Al instante, Liu Mou supo por qué esta persona no vivió mucho: su destino era extraordinario; de haber evitado esta calamidad, su estatus habría ascendido paso a paso, llegando quizás incluso a establecer su propia ciudad.
—Esta gema me resulta algo familiar, pero se ve bastante borrosa —comentó el Viejo Dou, mirando a la persona tendida en el ataúd y acariciándose la barba.
«Mierda, más le vale a este viejo no encapricharse de esto; todavía lo quiero.
He malgastado un montón de puntos para conseguir un trasto.
Si se lo lleva, que ni se le ocurra venir a pedirme favores cuando salgamos», maldijo Liu Mou para sus adentros.
—Yinya, ven a echar un vistazo —dijo el Viejo Dou, haciendo señas a Dou Yinya para que se acercara—.
Siento que esta cosa me resulta familiar, confírmalo tú.
«De la Dinastía Hummer, el primer tesoro que Occidente entregó a Huaxia.
Una vez oí de un diplomático extranjero que esta piedra fue descubierta por accidente mientras construían una casa con piedras durante un período particularmente tumultuoso y devastado por la guerra para ese pueblo.
Por ello, presentaron esta vibrante piedra como regalo a la Gran Tang, y posteriormente, la Gran Tang respondió enviando tropas para ayudar a estabilizar su nación.
Después, las relaciones entre los dos países se volvieron muy amistosas».

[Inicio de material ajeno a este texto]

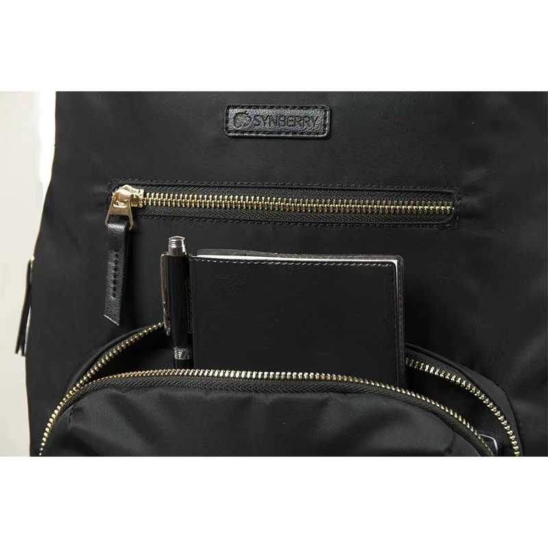 Una mochila de trabajo eficaz combina una estética profesional con separadores funcionales. Nuestro sistema de compartimentos multicapa permite guardar portátiles de 13 pulgadas con doble acolchado, manteniendo un peso ligero de tan solo 0,37 kg. Además del portátil, hay espacio para todo: iPad, libreta, gafas de sol, el libro que lees en el tren, incluso la camiseta que te pones antes de volver a casa; todo perfectamente organizado. Los herrajes, que superan la prueba de niebla salina de 48 horas, se mantienen libres de óxido y conservan su brillo original.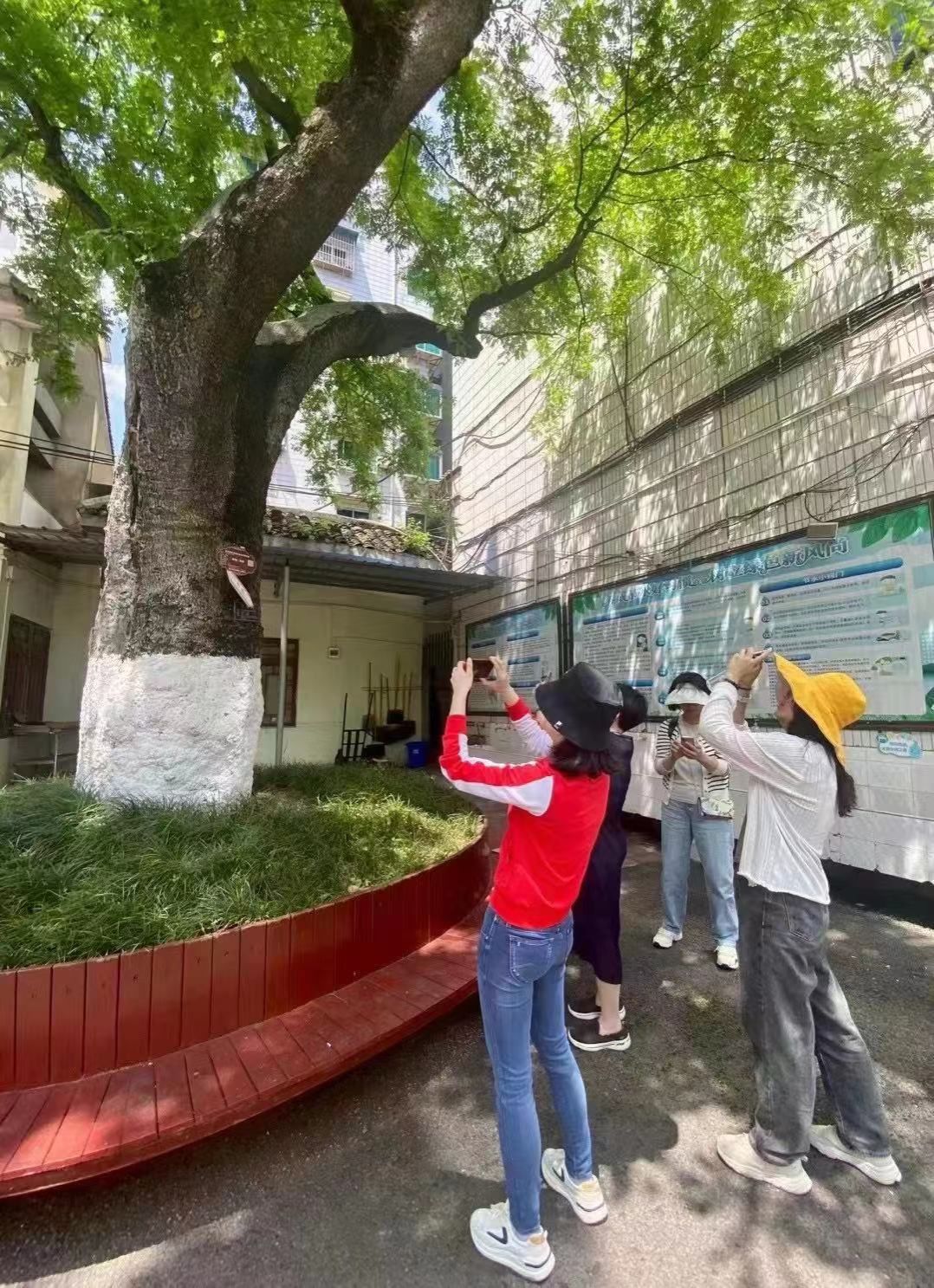 在遵义四中政教主任李芳老师的带领下,笔者随同张莉一行来到这棵已有一百五十年树龄的皂荚树下。眼见这棵枝繁叶茂的大树已作为古树名木挂牌保护并由共青团红花岗区团委、红花岗区林业局认养时,王淦昌在遵义居住地的寻找,总算有了着落,大家都在心底感到欣慰。

«Sin embargo, después de la muerte del emperador de la Gran Tang, que debió de ser Wu Zetian, la relación entre los dos países se fue enfriando gradualmente.
Aunque hubo una vez una crisis en la Gran Tang en la que esa nación extendió una mano amiga, no impidió el declive de la Gran Tang».
«Es probable que este tesoro no fuera valorado por el emperador de la Gran Tang en aquel entonces, y luego se dice que fue recompensado a alguien que había hecho contribuciones significativas a la corte.
Creo que ese debe ser el caso; después de todo, no soy una persona de esa época».
La voz de Pequeño Yao resonó en la mente de Liu Mou, cada palabra como si lo estuviera viviendo en primera persona.